■ Work to complete: A verbatim reproduction of the lines below, from the line containing "We evaluate the" through the line containing "Fechamento via controle", both ends included, is the whole required output.

[Exercise data — start]

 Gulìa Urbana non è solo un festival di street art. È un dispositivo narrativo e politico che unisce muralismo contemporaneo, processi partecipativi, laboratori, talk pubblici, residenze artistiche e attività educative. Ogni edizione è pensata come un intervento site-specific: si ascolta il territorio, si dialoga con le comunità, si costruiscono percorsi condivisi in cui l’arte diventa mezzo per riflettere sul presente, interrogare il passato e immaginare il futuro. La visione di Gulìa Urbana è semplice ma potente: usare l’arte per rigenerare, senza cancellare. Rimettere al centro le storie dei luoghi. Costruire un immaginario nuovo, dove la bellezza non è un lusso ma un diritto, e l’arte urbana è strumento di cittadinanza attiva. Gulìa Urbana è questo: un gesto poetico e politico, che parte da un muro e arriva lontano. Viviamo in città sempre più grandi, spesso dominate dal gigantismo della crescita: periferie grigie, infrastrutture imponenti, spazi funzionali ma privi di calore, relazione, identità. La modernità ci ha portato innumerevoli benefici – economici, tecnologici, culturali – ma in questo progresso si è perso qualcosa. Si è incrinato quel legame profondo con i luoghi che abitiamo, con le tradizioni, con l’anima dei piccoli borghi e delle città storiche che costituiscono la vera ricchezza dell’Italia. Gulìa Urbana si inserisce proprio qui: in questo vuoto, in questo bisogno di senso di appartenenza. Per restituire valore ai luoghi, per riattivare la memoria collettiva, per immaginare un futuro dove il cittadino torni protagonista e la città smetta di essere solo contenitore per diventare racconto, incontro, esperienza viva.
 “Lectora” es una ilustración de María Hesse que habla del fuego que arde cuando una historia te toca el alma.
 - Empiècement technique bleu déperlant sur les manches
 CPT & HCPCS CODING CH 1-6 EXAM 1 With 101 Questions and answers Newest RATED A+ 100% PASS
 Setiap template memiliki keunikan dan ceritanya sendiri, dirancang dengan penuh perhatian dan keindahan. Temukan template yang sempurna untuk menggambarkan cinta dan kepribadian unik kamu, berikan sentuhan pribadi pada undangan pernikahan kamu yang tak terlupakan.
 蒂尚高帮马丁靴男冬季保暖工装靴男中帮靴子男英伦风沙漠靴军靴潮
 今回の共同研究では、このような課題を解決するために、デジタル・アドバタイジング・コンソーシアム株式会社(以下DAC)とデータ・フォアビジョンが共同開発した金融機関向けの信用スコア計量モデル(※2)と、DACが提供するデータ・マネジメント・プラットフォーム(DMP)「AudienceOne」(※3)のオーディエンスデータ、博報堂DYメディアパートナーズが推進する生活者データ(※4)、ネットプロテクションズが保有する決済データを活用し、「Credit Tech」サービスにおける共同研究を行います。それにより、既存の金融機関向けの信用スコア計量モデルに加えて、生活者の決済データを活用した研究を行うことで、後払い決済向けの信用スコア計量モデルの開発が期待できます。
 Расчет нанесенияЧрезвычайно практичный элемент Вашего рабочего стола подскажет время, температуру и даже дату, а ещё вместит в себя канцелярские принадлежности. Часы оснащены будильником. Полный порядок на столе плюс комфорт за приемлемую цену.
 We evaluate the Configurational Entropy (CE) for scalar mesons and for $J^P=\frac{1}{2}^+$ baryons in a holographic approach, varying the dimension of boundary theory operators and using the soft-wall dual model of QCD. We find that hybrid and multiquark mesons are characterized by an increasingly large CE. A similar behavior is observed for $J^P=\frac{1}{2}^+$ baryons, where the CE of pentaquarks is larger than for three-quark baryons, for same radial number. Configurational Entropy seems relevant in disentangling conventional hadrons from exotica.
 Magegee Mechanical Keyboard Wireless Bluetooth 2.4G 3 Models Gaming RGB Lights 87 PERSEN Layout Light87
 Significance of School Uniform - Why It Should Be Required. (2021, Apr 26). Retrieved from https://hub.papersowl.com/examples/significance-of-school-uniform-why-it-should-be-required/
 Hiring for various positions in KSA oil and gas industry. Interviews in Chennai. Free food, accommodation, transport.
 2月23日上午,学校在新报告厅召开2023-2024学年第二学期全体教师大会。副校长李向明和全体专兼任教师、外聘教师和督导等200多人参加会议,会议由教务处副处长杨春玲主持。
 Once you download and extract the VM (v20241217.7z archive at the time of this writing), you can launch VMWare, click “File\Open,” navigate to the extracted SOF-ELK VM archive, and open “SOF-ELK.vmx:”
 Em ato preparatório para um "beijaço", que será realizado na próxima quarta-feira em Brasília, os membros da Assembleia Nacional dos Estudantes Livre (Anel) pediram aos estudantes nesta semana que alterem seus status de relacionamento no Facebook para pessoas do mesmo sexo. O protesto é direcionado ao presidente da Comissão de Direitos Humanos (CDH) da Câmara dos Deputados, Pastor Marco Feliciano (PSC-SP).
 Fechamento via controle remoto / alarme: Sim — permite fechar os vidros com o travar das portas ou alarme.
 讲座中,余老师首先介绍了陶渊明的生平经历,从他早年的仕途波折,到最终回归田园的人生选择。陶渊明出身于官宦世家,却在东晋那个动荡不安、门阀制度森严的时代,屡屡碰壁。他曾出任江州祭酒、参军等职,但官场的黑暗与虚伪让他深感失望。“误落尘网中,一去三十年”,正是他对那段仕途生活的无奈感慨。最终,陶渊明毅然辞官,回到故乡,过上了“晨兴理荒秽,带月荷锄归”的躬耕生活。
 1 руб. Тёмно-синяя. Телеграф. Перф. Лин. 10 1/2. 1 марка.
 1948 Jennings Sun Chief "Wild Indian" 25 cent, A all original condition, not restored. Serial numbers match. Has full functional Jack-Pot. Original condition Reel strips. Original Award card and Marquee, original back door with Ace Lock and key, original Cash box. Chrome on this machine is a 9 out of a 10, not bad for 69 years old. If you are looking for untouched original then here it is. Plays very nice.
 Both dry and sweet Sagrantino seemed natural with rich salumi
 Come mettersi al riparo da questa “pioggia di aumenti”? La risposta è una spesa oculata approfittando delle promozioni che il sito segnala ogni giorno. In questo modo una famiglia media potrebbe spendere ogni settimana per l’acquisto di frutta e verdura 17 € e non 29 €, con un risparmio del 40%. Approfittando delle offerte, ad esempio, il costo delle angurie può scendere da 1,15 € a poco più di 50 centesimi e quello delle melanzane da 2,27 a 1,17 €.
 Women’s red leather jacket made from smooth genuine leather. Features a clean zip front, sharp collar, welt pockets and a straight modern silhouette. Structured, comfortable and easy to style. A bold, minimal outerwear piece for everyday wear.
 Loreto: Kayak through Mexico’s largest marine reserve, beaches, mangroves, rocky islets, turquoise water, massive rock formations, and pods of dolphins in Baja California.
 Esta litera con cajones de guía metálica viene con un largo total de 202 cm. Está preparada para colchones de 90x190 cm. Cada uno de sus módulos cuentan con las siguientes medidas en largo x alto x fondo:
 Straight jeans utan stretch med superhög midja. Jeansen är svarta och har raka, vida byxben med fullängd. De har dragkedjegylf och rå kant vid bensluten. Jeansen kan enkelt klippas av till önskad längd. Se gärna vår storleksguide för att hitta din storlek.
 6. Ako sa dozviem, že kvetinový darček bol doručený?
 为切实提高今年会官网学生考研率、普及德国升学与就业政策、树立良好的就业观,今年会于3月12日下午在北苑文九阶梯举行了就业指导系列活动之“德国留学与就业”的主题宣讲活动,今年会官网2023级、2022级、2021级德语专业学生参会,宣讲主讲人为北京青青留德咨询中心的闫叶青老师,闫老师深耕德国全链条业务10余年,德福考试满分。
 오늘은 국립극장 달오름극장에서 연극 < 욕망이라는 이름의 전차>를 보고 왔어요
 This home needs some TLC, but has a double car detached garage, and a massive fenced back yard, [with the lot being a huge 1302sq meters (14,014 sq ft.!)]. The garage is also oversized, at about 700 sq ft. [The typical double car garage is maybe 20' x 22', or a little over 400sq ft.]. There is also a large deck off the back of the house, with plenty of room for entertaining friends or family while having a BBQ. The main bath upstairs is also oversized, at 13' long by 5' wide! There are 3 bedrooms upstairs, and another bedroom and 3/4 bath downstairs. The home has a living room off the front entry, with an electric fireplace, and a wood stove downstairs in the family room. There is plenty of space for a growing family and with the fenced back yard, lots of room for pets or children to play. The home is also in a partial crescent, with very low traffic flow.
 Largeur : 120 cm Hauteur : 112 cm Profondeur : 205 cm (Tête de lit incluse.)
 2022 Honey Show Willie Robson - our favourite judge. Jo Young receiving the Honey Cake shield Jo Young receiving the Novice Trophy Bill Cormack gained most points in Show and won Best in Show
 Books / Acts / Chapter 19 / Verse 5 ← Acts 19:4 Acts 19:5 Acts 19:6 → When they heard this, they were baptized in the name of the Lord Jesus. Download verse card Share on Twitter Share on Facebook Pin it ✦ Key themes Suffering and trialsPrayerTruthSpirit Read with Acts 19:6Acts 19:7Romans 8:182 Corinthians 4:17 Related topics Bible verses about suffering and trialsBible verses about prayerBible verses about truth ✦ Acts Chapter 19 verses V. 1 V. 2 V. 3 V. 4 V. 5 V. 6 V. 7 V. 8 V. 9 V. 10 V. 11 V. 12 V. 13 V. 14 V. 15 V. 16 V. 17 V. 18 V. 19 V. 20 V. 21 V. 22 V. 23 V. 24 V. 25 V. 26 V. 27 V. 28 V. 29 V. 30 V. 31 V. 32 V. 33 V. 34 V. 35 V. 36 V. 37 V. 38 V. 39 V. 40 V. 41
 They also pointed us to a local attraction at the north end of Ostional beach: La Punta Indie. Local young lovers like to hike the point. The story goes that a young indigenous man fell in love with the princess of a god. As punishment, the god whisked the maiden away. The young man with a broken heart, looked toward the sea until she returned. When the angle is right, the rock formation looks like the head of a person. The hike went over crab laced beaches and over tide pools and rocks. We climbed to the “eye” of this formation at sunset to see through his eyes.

[Exercise data — finish]

■ Exercise response:
 We evaluate the Configurational Entropy (CE) for scalar mesons and for $J^P=\frac{1}{2}^+$ baryons in a holographic approach, varying the dimension of boundary theory operators and using the soft-wall dual model of QCD. We find that hybrid and multiquark mesons are characterized by an increasingly large CE. A similar behavior is observed for $J^P=\frac{1}{2}^+$ baryons, where the CE of pentaquarks is larger than for three-quark baryons, for same radial number. Configurational Entropy seems relevant in disentangling conventional hadrons from exotica.
 Magegee Mechanical Keyboard Wireless Bluetooth 2.4G 3 Models Gaming RGB Lights 87 PERSEN Layout Light87
 Significance of School Uniform - Why It Should Be Required. (2021, Apr 26). Retrieved from https://hub.papersowl.com/examples/significance-of-school-uniform-why-it-should-be-required/
 Hiring for various positions in KSA oil and gas industry. Interviews in Chennai. Free food, accommodation, transport.
 2月23日上午,学校在新报告厅召开2023-2024学年第二学期全体教师大会。副校长李向明和全体专兼任教师、外聘教师和督导等200多人参加会议,会议由教务处副处长杨春玲主持。
 Once you download and extract the VM (v20241217.7z archive at the time of this writing), you can launch VMWare, click “File\Open,” navigate to the extracted SOF-ELK VM archive, and open “SOF-ELK.vmx:”
 Em ato preparatório para um "beijaço", que será realizado na próxima quarta-feira em Brasília, os membros da Assembleia Nacional dos Estudantes Livre (Anel) pediram aos estudantes nesta semana que alterem seus status de relacionamento no Facebook para pessoas do mesmo sexo. O protesto é direcionado ao presidente da Comissão de Direitos Humanos (CDH) da Câmara dos Deputados, Pastor Marco Feliciano (PSC-SP).
 Fechamento via controle remoto / alarme: Sim — permite fechar os vidros com o travar das portas ou alarme.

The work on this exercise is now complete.